It's a bit harder to fix this after PDF conversion. A few years ago, I wrote some Java code to do it (inspired by "pkfix-helper"), but it worked off of font metric signatures so it's not very accurate for small font subsets (e.g. exponents). To fix this, I need to actually look at bitmaps (or ask the user), and I never got around to implementing that.

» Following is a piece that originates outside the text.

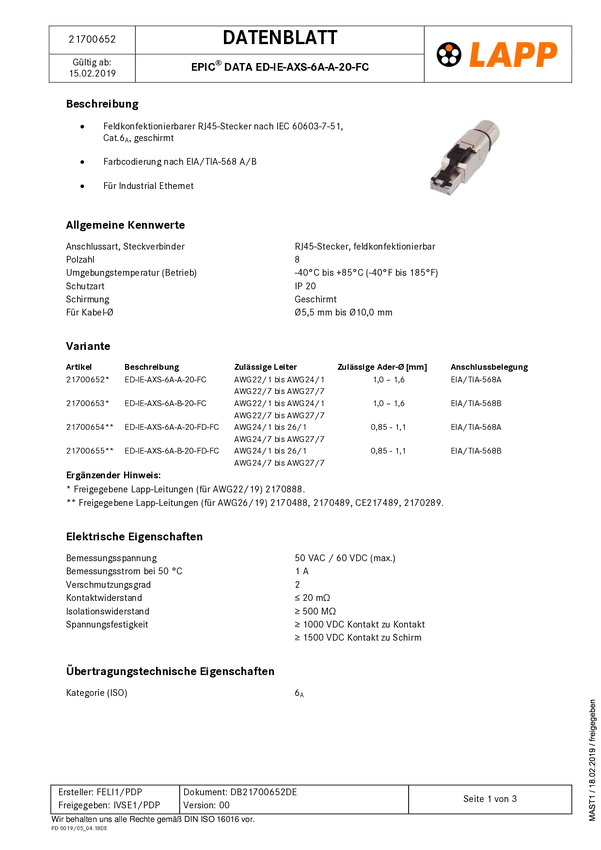 LAPP 21700652 Złącze męskie RJ45 ED-IE-AXS-6A-A-20-FC, RJ45 Cat6, CAT 6a, piny:8, 1 szt.

I suppose it's a minor issue, but it is a pet peeve of mine. I've come across a lot of papers on the net in PDF or PS format that look unnecessarily bad when viewed on a computer screen.

sp332 · on Aug 13, 2012

OK I didn't know enough about this format to look in it for the fonts. But I zoomed in as far as I could in Evince and everything stayed smooth so I just assumed it wasn't bitmapped.

rrmm · on Aug 2, 2012

I would have preferred a .dvi! (font embedding issues notwithstanding).

ScotterC · on Aug 2, 2012

Would prefer a warning that it's a download link.

kinleyd · on Aug 2, 2012

Agreed. The link should have taken us to a page describing what it's about, with the option to download.

Jach · on Aug 2, 2012

I think the title says what's necessary. But if it did link to such a page (there is no such page that describes just this release that I found by googling the url) someone would complain that it's just blogspam, post the download link in their comment, and get upvotes. There were tweets I found that reference it, who knows what sort of anger that would have generated if the submitter linked to a tweet. (There's already discomfort on this page over Knuth just using the word 'tweet'!)

kinleyd · on Aug 2, 2012

I see what you mean: the link to the download is buried way deep in the OP. Though I don't think anyone would feel it's blogspam if you'd linked to it (as it is clearly Donald Knuth's), directing them to the relevant link on the page is near impossible and linking directly to the download is more efficient. I think you made the right trade-off here.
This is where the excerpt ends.